We have a handful of tasks which repeatedly fail after consuming more and more RAM until they run the machine out of memory. The impact is that our Phabricator service is unavailable for a period of about 10-20 min every two hours (the lease time on the tasks), until an operator manually interrupts the task.
From studying the issue,
- it appears to happen while trying to render an update to a Paste,
- it also affects trying to render the same Paste updates on the web,
- it applies to all 3 updates in the history of at least one affected Paste, which is about 75kB and 979 lines in size,
- but it doesn't apply to the updates on some other recently-created Pastes.
I don't know how to reproduce the issue from scratch, but I can trigger it at will on data in our Phabricator install, and I have a variety of debugging information. Happy to do other forms of tracing or debugging. More details below.
Does this look like any known or past issue? What else would you suggest to help diagnose it?
DETAILS
Each of the tasks has class PhabricatorApplicationTransactionPublishWorker. Running one with bin/worker execute --trace, the transaction being published is a Paste transaction. Following the PHIDs to phabricator_pastebin.pastebin_pastetransaction and then to phabricator_file.file, the two versions of the paste are both just under 75kB long, so there isn't a ton of computation involved here.
When I go to the Paste page for the paste, it renders just fine, but if I hit "Show Details" on the offending transaction, I get no response on the web, and on the server I see an apache2 process showing the same symptoms as the hapless PhabricatorTaskmasterDaemon processes had -- spinning at near 100% CPU and increasing memory usage at a rate of 1GB every 5-20sec or so.
The bin/worker --trace output moves rapidly until it gets to this point:
>>> [28] <query> SELECT * FROM `file_transformedfile` WHERE transformedPHID IN ('PHID-FILE-doakbz6ox64c7zaiiom5', 'PHID-FILE-cjon3dx4lp573nyfx5qf') <<< [28] <query> 720 us >>> [29] <query> SELECT * FROM `file_storageblob` WHERE `id` = 237819 <<< [29] <query> 6,747 us >>> [30] <query> SELECT * FROM `file_storageblob` WHERE `id` = 237829 <<< [30] <query> 2,104 us
Those blob IDs in fact correspond to the old and new versions of the paste. Then the bin/worker --trace process hangs there, spinning CPU and rapidly eating more and more memory.

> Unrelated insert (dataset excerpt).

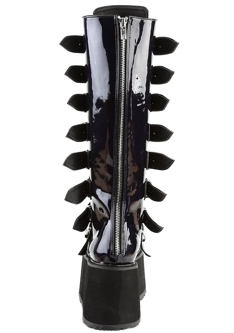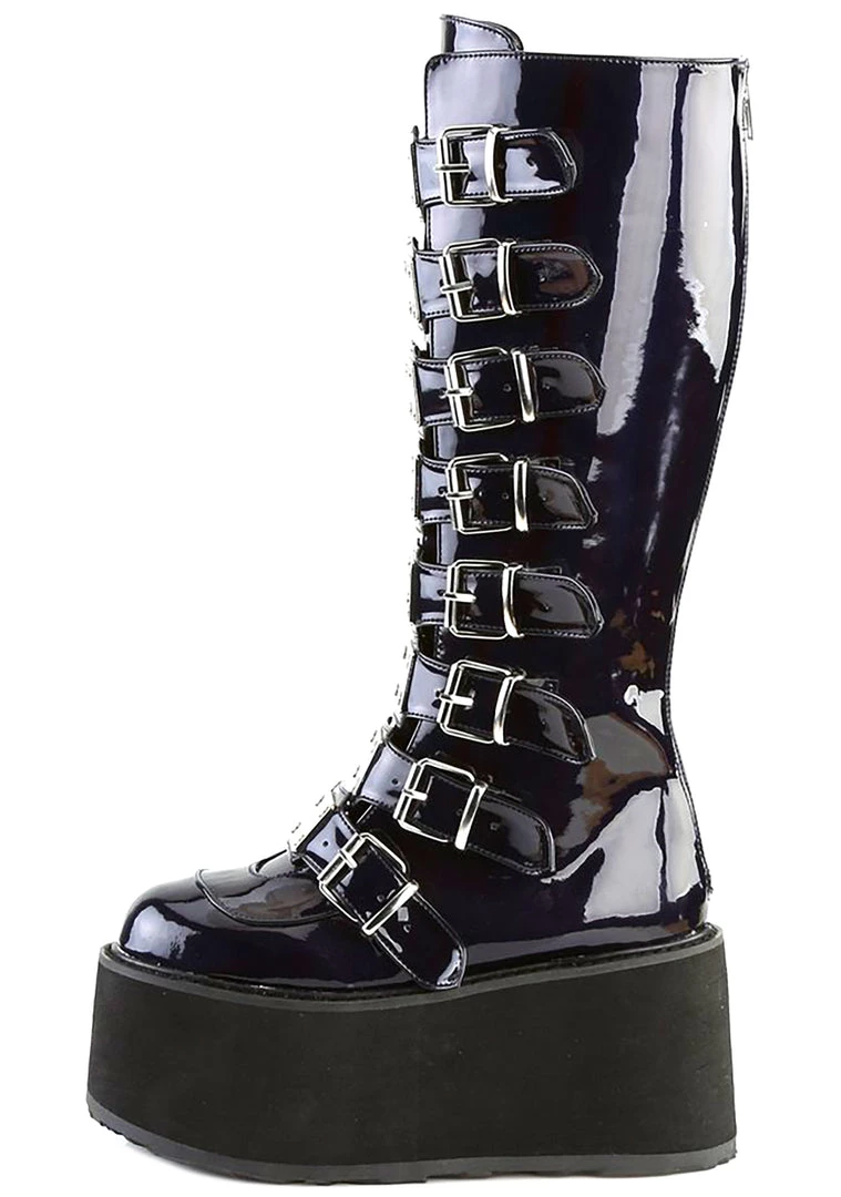 Party in your own world with the new Delusional Dream Platform Boots from Demonia. These unreal mid-calf festival boots feature a holographic black vegan leather upper, buckle up front with silver plate detail, and back zipper closure. Why live in the real world when you can just create your own?

Running strace on the bin/worker --trace process produces very boring results: there's a very, very rapid repetition of these calls:
rt_sigprocmask(SIG_SETMASK, [], NULL, 8) = 0 rt_sigprocmask(SIG_BLOCK, ~[RTMIN RT_1], [], 8) = 0
and when those are filtered out, what's left looks like this:
15:12:05.045990 brk(0x8fbc000) = 0x8fbc000 <0.000028> 15:12:06.227412 brk(0x8ffc000) = 0x8ffc000 <0.000023> 15:12:07.385571 brk(0x903c000) = 0x903c000 <0.000029>
i.e., a brk call a little less often than once per second, each advancing by 256kiB. (This is a lot slower than the memory use advances without strace.)
VERSIONS
phabricator fd5825fafdcbf44733db24e558d3b5e5fd5ae7a1 (Fri, Sep 30)

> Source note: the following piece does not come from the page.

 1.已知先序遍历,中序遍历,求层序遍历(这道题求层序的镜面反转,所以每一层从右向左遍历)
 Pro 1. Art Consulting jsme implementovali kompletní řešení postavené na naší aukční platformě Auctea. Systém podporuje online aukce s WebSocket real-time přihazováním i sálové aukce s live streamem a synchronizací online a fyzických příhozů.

arcanist d455ddde6a9c16c607f198743c8eb7babc3ef273 (Fri, Sep 30)
phutil 496473da30b617696b89882dbf96e008db472316 (Fri, Sep 30)
pytest-phabricator 1550854ff89dca474176d307f6a485cd5eff0452 (Aug 24 2016)
Our phabricator is based on 921aab604ec759f2af997faf9b3822ce0e4ee340 (Wed, Sep 28), and differs from it by
13 files changed, 48 insertions(+), 7 deletions(-)
none of which appears related to Paste. Happy to discuss any part of the diff if it comes up, though; nothing's secret, just boring.